> [Your objective]: Below, some lines carry pictures; leave those pictures out and retype exactly the lines from the one with "Parches bordados tácticos" through the one with "ファンドについて:純資産総額".

> [Records provided]:
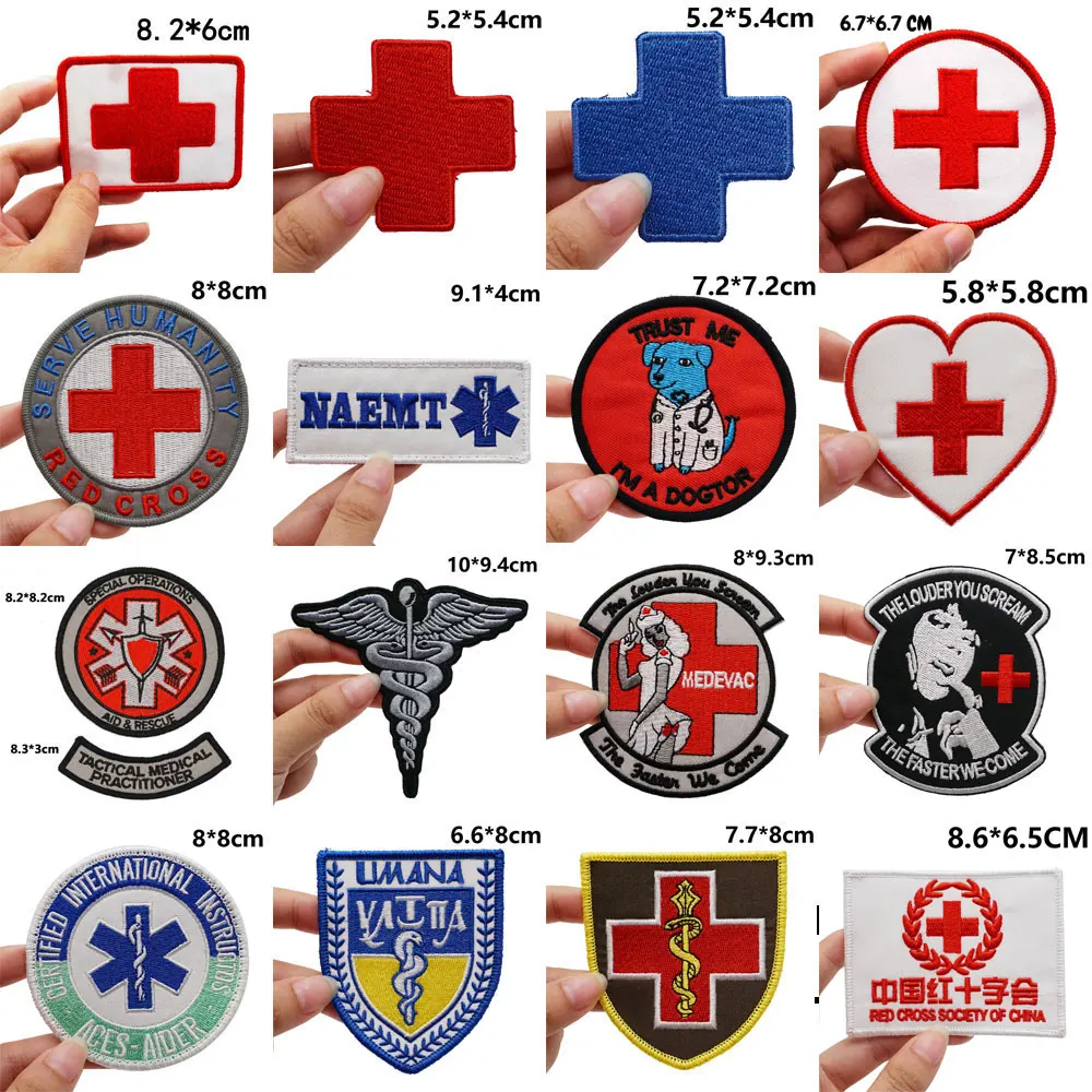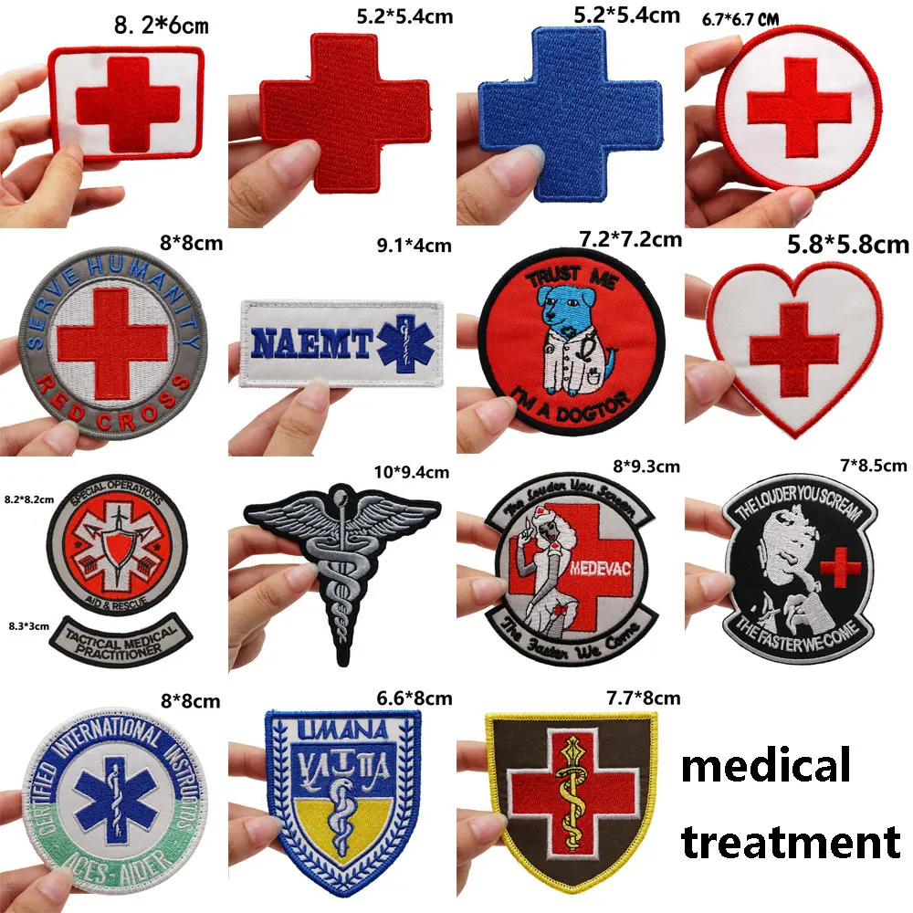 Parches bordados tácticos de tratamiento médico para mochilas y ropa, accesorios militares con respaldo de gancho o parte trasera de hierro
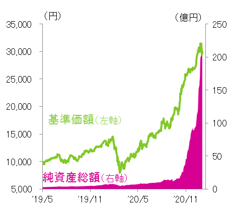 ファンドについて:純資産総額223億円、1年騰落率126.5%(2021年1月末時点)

---

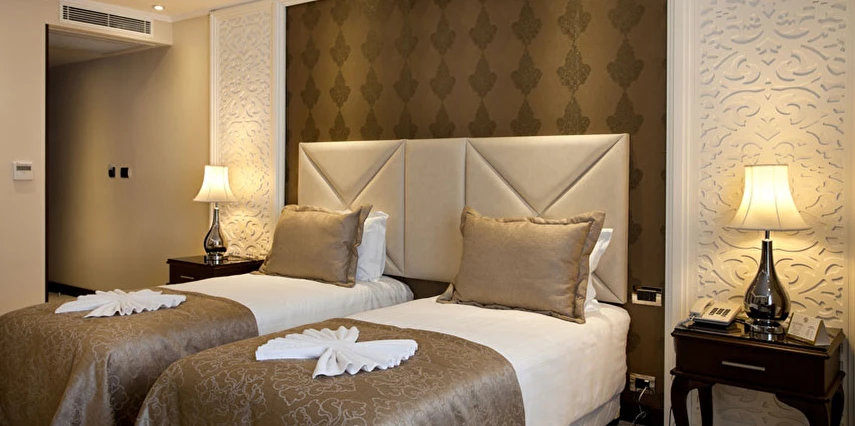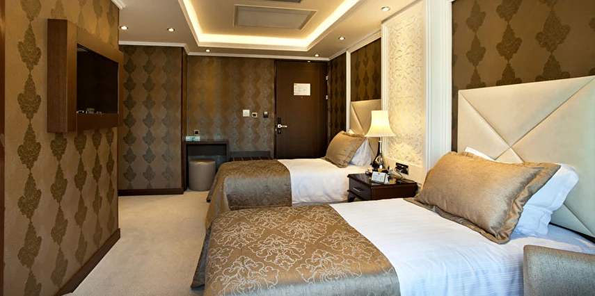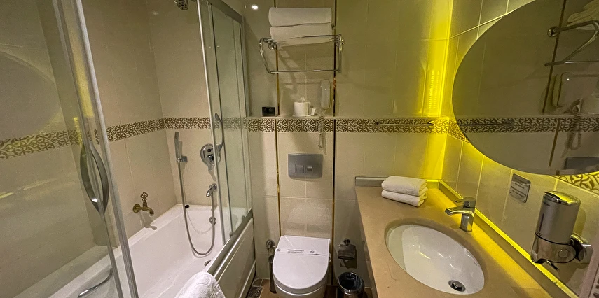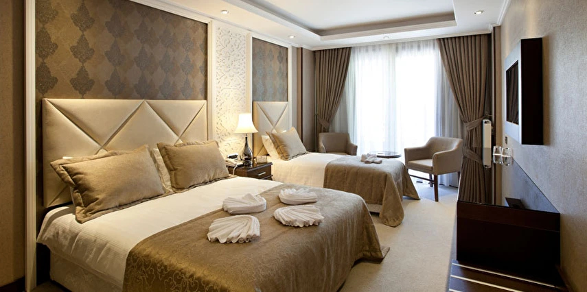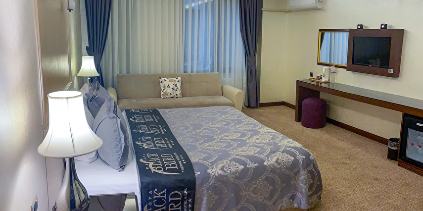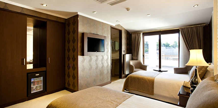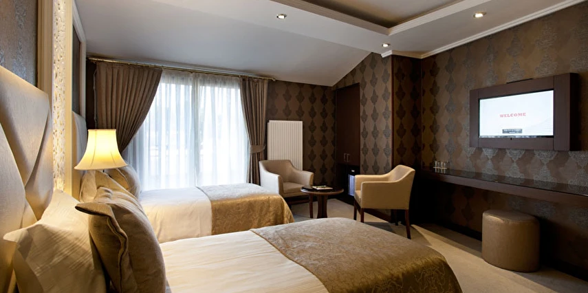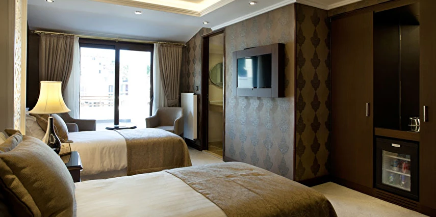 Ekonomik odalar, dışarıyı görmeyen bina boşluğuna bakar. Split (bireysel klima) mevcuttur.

> [Answer space]:
 Parches bordados tácticos de tratamiento médico para mochilas y ropa, accesorios militares con respaldo de gancho o parte trasera de hierro
 ファンドについて:純資産総額223億円、1年騰落率126.5%(2021年1月末時点)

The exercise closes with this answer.